- Film poster
- Traditional Chinese: 烈火情仇
- Simplified Chinese: 烈火情仇
- Hanyu Pinyin: Liè Huǒ Qíng Chóu
- Jyutping: Lit6 Fo2 Cing4 Sau4
- Directed by: Fung Hark-On
- Screenplay by: Siao Lung
- Produced by: Wong Siu-ming Norman Cheung
- Starring: Alex Man Yukari Oshima Mark Cheng Dick Wei
- Cinematography: Ma Kam-cheung Stephen Poon
- Edited by: Yu Tin-hung
- Music by: Chan Tik-hong
- Production companies: High Grow Film Chun Sing Film
- Distributed by: D&B Films
- Release date: 31 October 1991;
- Running time: 91 minutes
- Country: Hong Kong
- Language: Cantonese
- Box office: HK$1,403,609

= The Godfather's Daughter Mafia Blues =

1991 Hong Kong film by Fung Hark-on

The Godfather's Daughter Mafia Blues is a 1991 Hong Kong action film directed by Fung Hark-On, who also served as the film's action director and appears in a supporting role, and starring Alex Man, Yukari Oshima, Mark Cheng and Dick Wei.

==Plot==
Wai (Mark Cheng), a new immigrant from mainland China, works at a fish raft with his friend Nam (Benny Lai). In China, Wai served in the People's Liberation Army's special forces where he was trained intensively in Chinese Kung Fu. One time during a misunderstanding, Wai meets Lee Wah-yu (Alex Man), mastermind of a financial group and triad boss, and becomes Lee's follower.

Tetsuya is the leader of Japan's Yamaguchi-gumi gang and Lee's business partner in Hong Kong and always had pleasant cooperation with Lee. After Tetsuya dies, his son Kuyama (Ken Lo) inherits his position. Kuyama, who is reckless, arrogant and greedy, hopes to use financial power to strike down Lee. In order to prevent his followers from being ruined for life, Lee was forced to deploy cash from his own company to purchase Kuyama's stock rights. Tung (Dick Wei) was Lee's sworn brother in the past who secretly used public funds of the company to run a smuggling business in China. However, his smuggling business was a failure where he went broke and attempts to flee when he was unable to give an explanation to Lee. In order to reduce the outrage of other sworn brothers, Lee wounded Tung's leg with a gunshot.

Amy (Yukari Oshima), Lee's only daughter, returns after studying abroad in Japan. Discontented with Kuyama's actions, Amy confronts him where she injures his face. Holding a grudge, Kuyama conspires with Tung to murder Lee.
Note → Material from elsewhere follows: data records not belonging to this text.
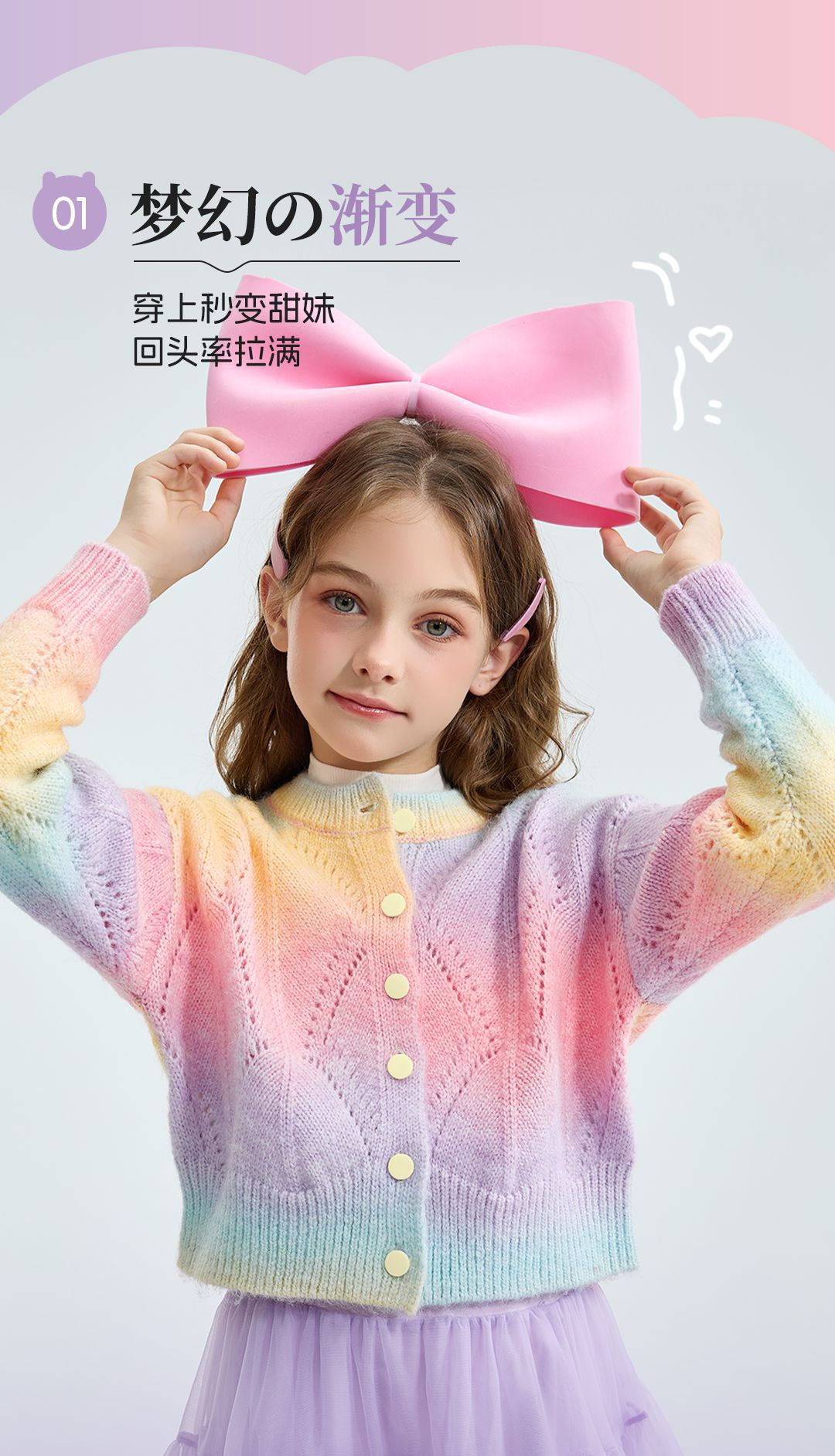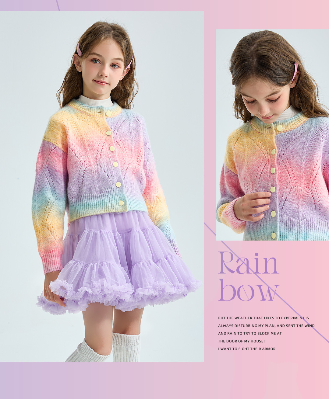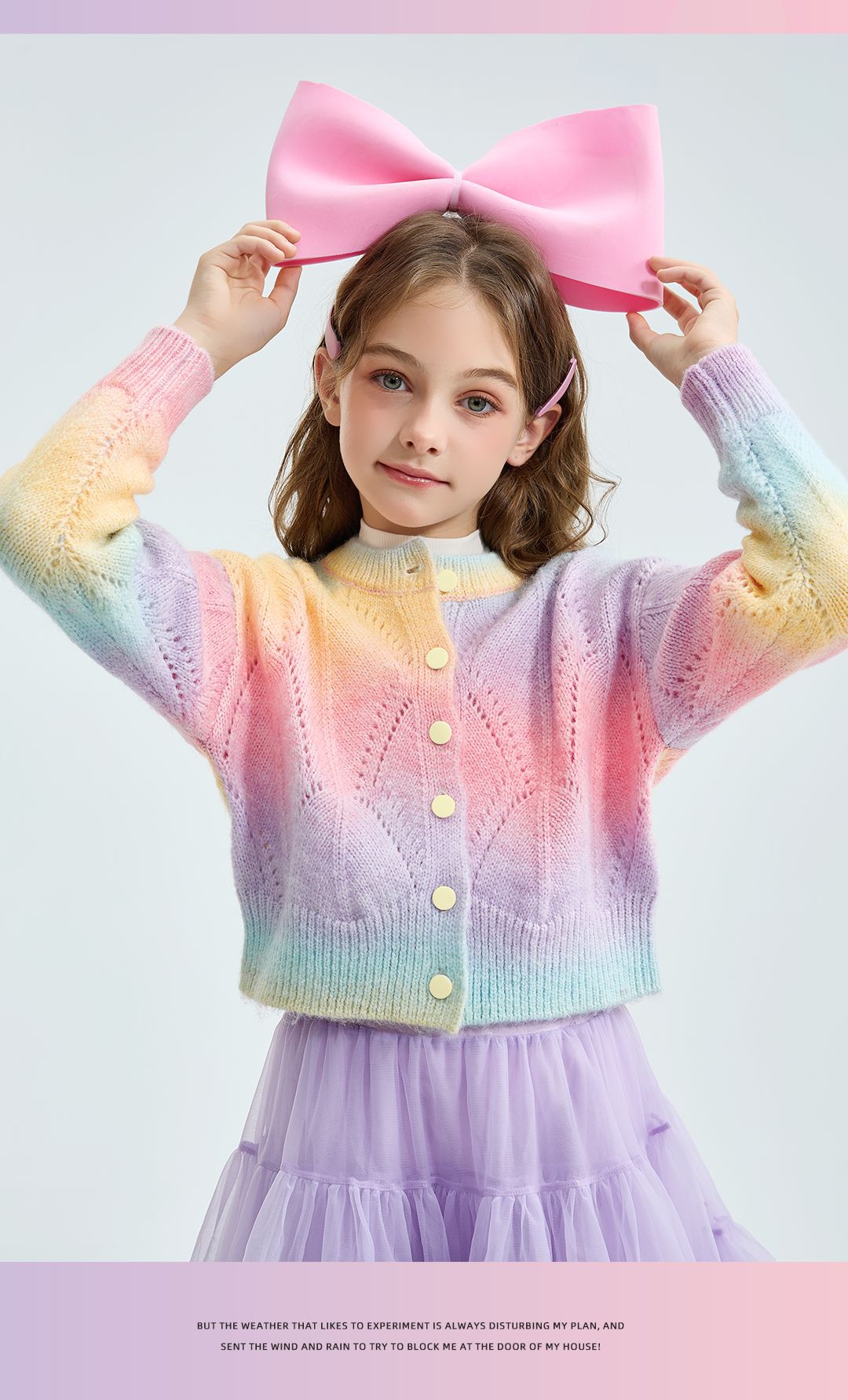 여자 스웨터 봄 그라디언트 컬러 카디건 스웨터 2025 새로운 어린이 무지개 스웨터 제조 업체 도매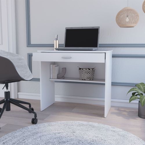 Kaylor Storage Desk"Streamline your workspace with the Kaylor Storage Desk, a chic and compact solution for any study or office area. With dimensions of 31.5""W x 19.6""D, its surface offers ample room for work essentials. The desk features a conveniently sized drawer (27.8""W x 3""H) for your supplies and a lower shelf (27.8""W x 7.4""D) for extra storage. Its unique black or white manufactured wood finish brings a touch of modern sophistication.Dimensions:Height: 29'Width: 31,5'Depth: 19,6'
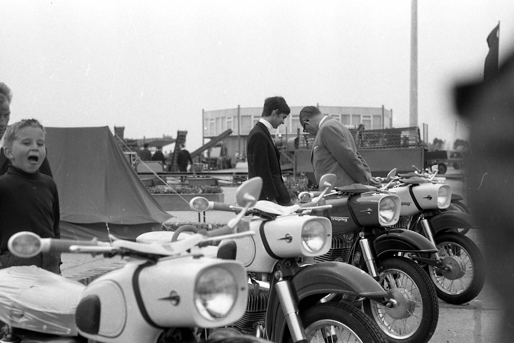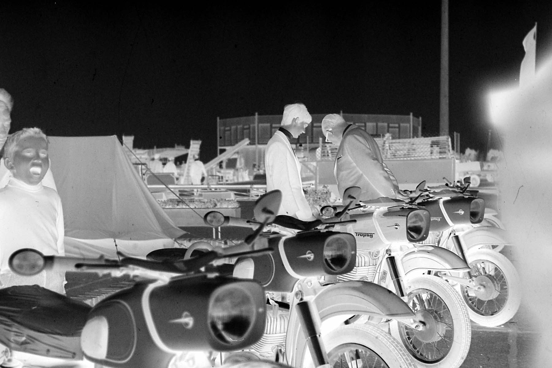 Original - Negativ, s/w, Kleinbild, Ostseewoche in Rostock mit ausgestellten MZ-Motorrädern, ES Baureihe (Einzylinder-Motor und Schwingenfahrwerk), aus Zschopau und das Modell "Trophy" sowie Besuchern
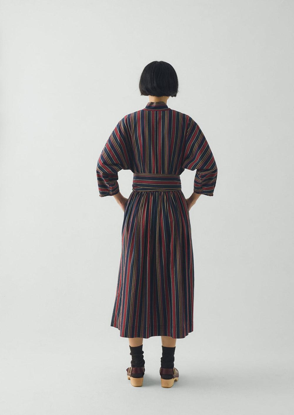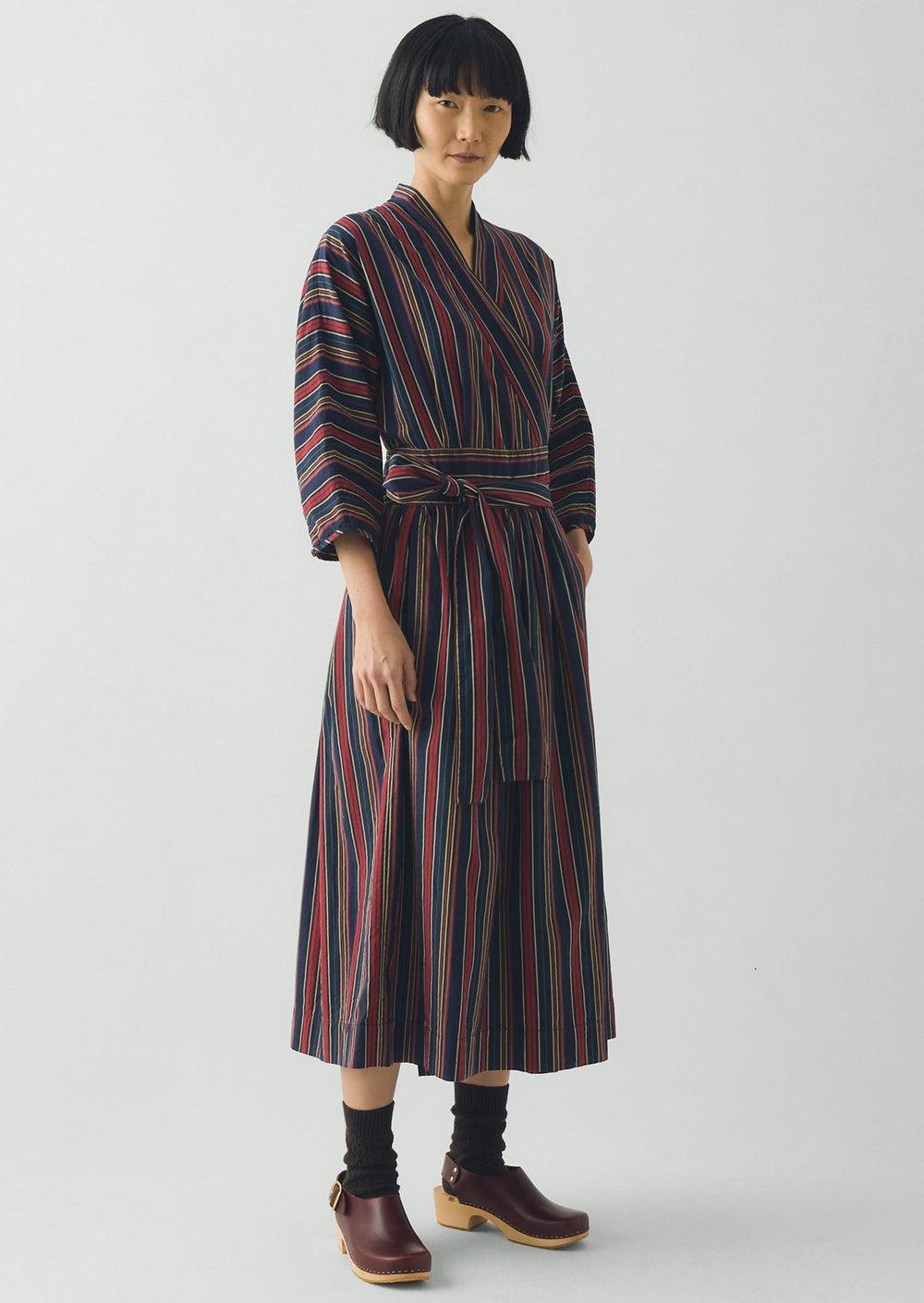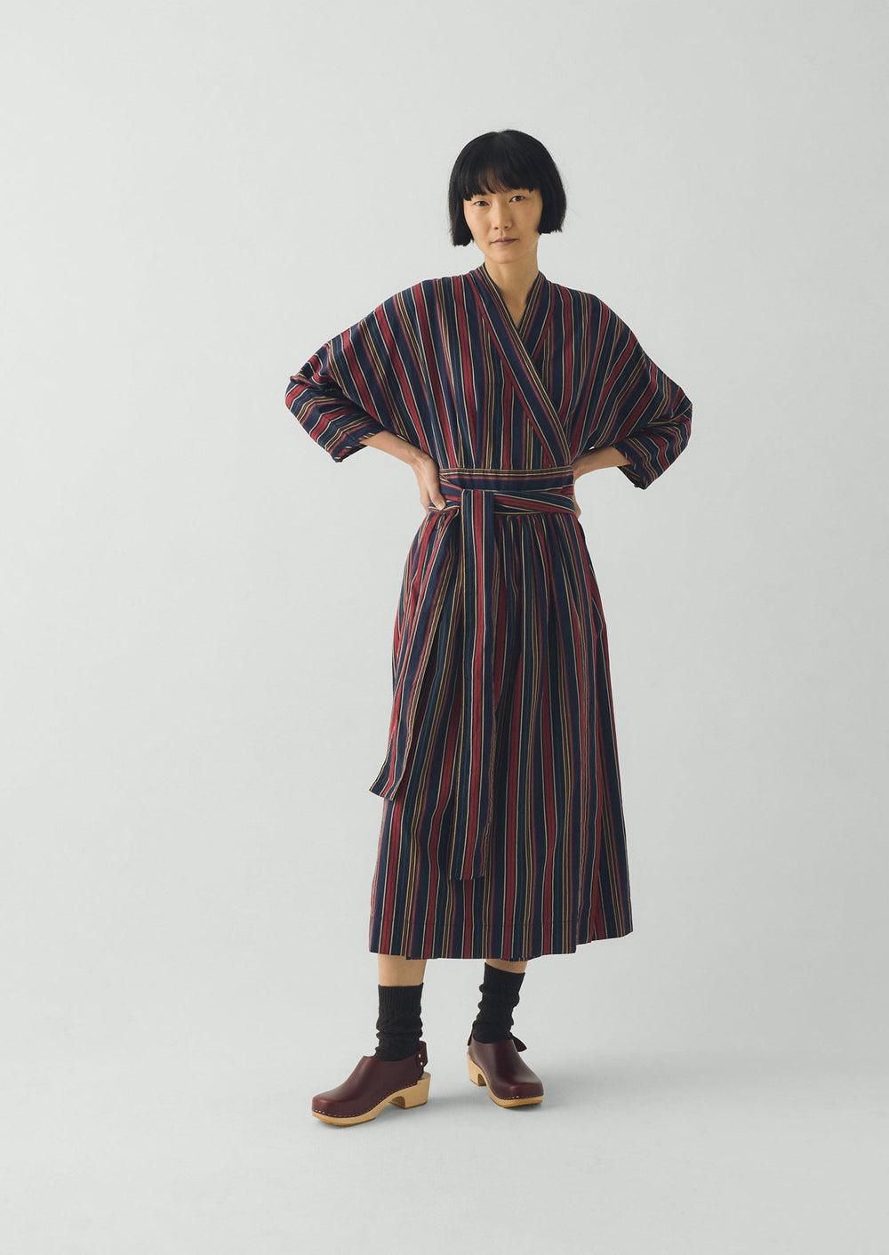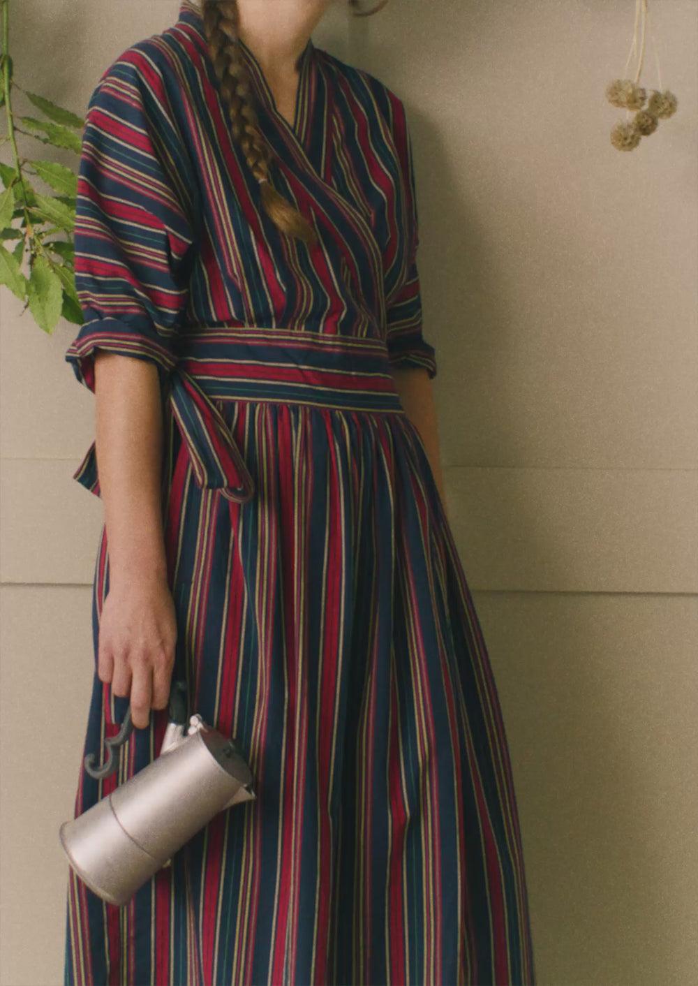 Gathers at the waist bring movement through our wrap dress. Made from striped cotton inspired by textiles that might be found in a pantry. Finished with side pockets and falling to a lower-calf length.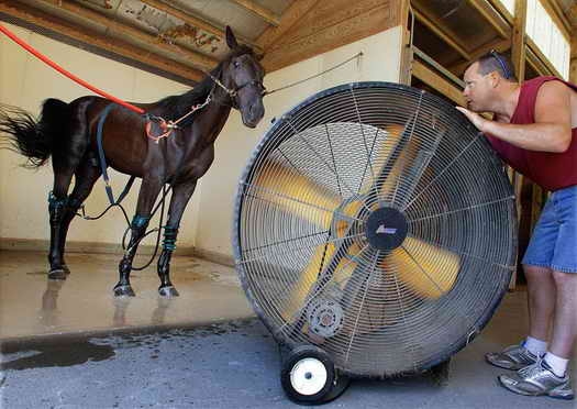 به گزارش خبر گرمای شدید بخش وسیعی از ایالات متحده را در بر گرفته و مایک کاکس برای خنک کردن مادیان زیبا و گرانقیمت خود ، پنکه بزرگی جلوی او قرار داده و لولههای خرطومی آبفشان را به دور مادیان پیچیده است.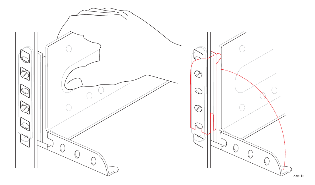 2. Align the silver alignment screws in the front of the left support rail with the 2U holes that you marked in Numbering the Vertical Rails (that is, the third hole of the first U and the second hole of the second U). Close the latch. See Figure 18.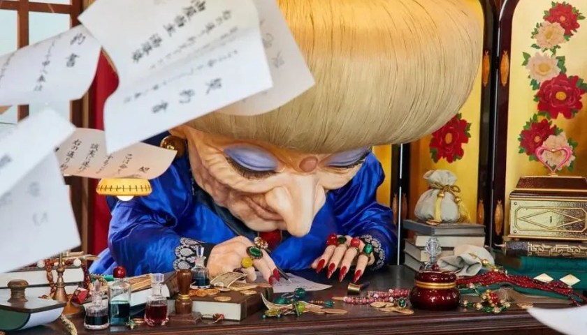 大倉庫中還有一些獨立區(qū)域,也是盡可能將動畫搬進現(xiàn)實中。每個場景的細節(jié)都誠意滿滿。比如湯婆婆的辦公室,完全按照電影里的比例打造。而且為了盡可能做到逼真,湯婆婆的頭發(fā)是用人工毛發(fā)一根根編織上去的。連千尋打工簽下的契約書,都被1:1完美復刻。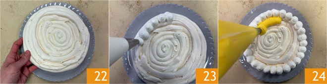 You are ready to assemble the cake: place the first meringue disk on a serving plate 22, then decorate the edge with dollops of whipped cream 23. Take the custard from the fridge, soften it with a whisk, then fill the center using a piping bag 24.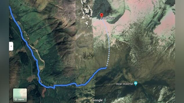 Esta imagen muestra una ruta peligrosa sugerida por Google Maps para escalar la montaña más alta de Escocia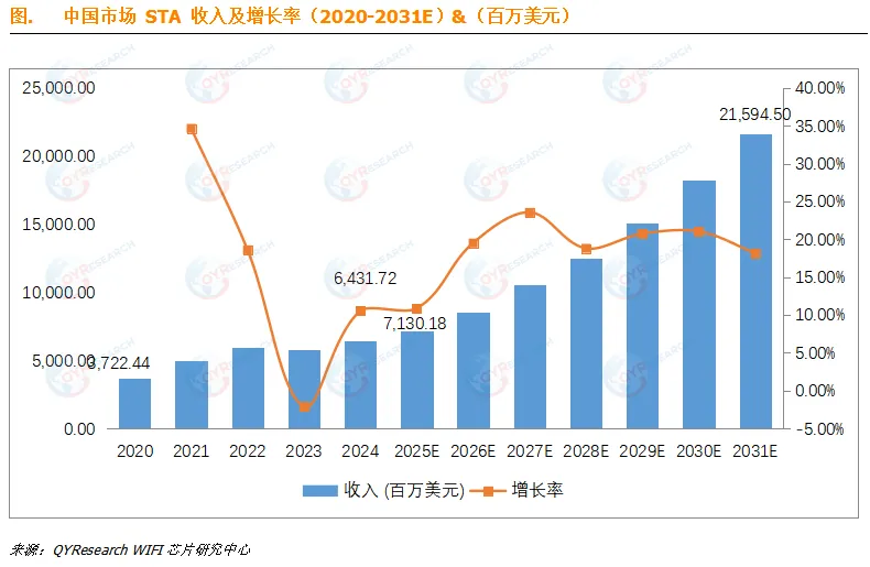 据QYResearch调研团队最新报告“全球WiFi芯片市场报告2025-2031”显示,2024年全球WiFi 芯片市场销售额达到了201.26 亿美元,预计2031E 年将达到541.54 亿美元,年复合增长率(CAGR)为15.74%(2025E-2031E)。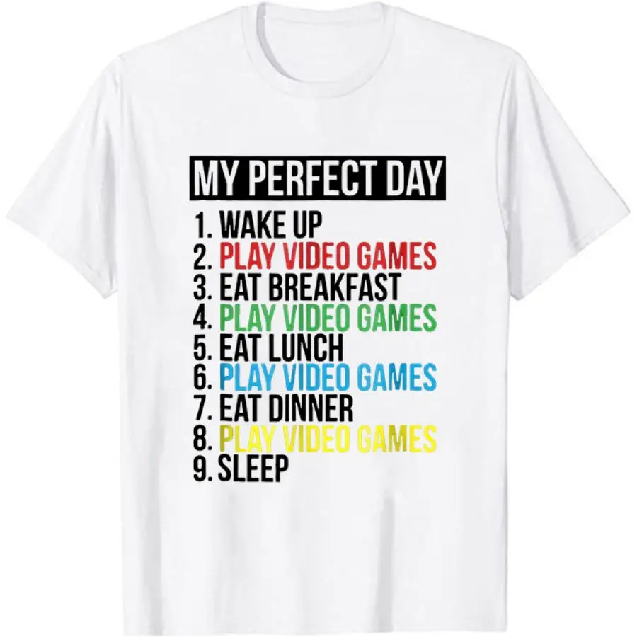 Модная мужская футболка My Perfect Day, футболка для видеоигр, Забавный классный товар, забавный подарок для геймеров, хипстер, унисекс, с коротким рукавом

After Lee died, Wai and Amy investigates into it and find out that Lee was murdered by Kuyama and Tung and were determined to seek revenge. After repeated struggles, Wai and Amy finally eliminates the enemy and traitor together.

==Cast==
- Alex Man as Master Lee Wah-yu
- Yukari Oshima as Amy Lee
- Mark Cheng as Wai
- Dick Wei as Master Tung
- Ken Lo as Kuyama
- Benny Lai as Nam
- Tung Chi
- Fung Hark-On as Kak
- Wong Yue as Mr. Hung
- Steve Mak as Policeman
- Peter Yang as Senior in Lee Wah-yu's triad (cameo)
- Bryan Leung as Senior in Lee Wah-yu's triad (cameo)
- Fung Fung as Uncle Fung (cameo)
- Tai Po
- Wynn Lau as Master Yung
- Fong Yau
- Chow Fong
- Ko Shut-fung as Kuyama's thug
- Foo Wang-tat as Mr. Yamada
- Ho Tung
- Mark King
- Alice Fung So-bor
- Anthony Chung
- Tong Pau-ching
- Lee Fat-yuen
- To Wai-wo
- Lai Sing-kwong
- Lam Foo-wai as Lee Wah-yu's thug
- Leung Hung as Uncle
- Ho Chi-moon as Club customer
- Ling Chi-hung as Lee Wah-yu's thug
- Christopher Chan as Lee Wah-yu's thug
- Cheng Chi-ho as Bodyguard
- Lau Chi-ming as Rascal
- Pang Hiu-sang as Rascal
- Louis Keung as Kuyama's thug
- Chan Tat-kwong
- Chu Tau
- Hon Chun

==Reception==
===Critical===
The 14 Amazons gave the film a score of 8/10 and praised its plot and action scenes and wrote, "The consistency and attention to detail in the movie show that a lot of care and effort went into its production." Trash Cinema Club rated the film three and a half stars out of five and praised the action scenes and acting from the cast but criticized the inconsistencies that occur later in the film.

===Box office===
The film grossed HK$1,403,609 at the Hong Kong box office during its theatrical run from 31 October to 6 November 1991 in Hong Kong.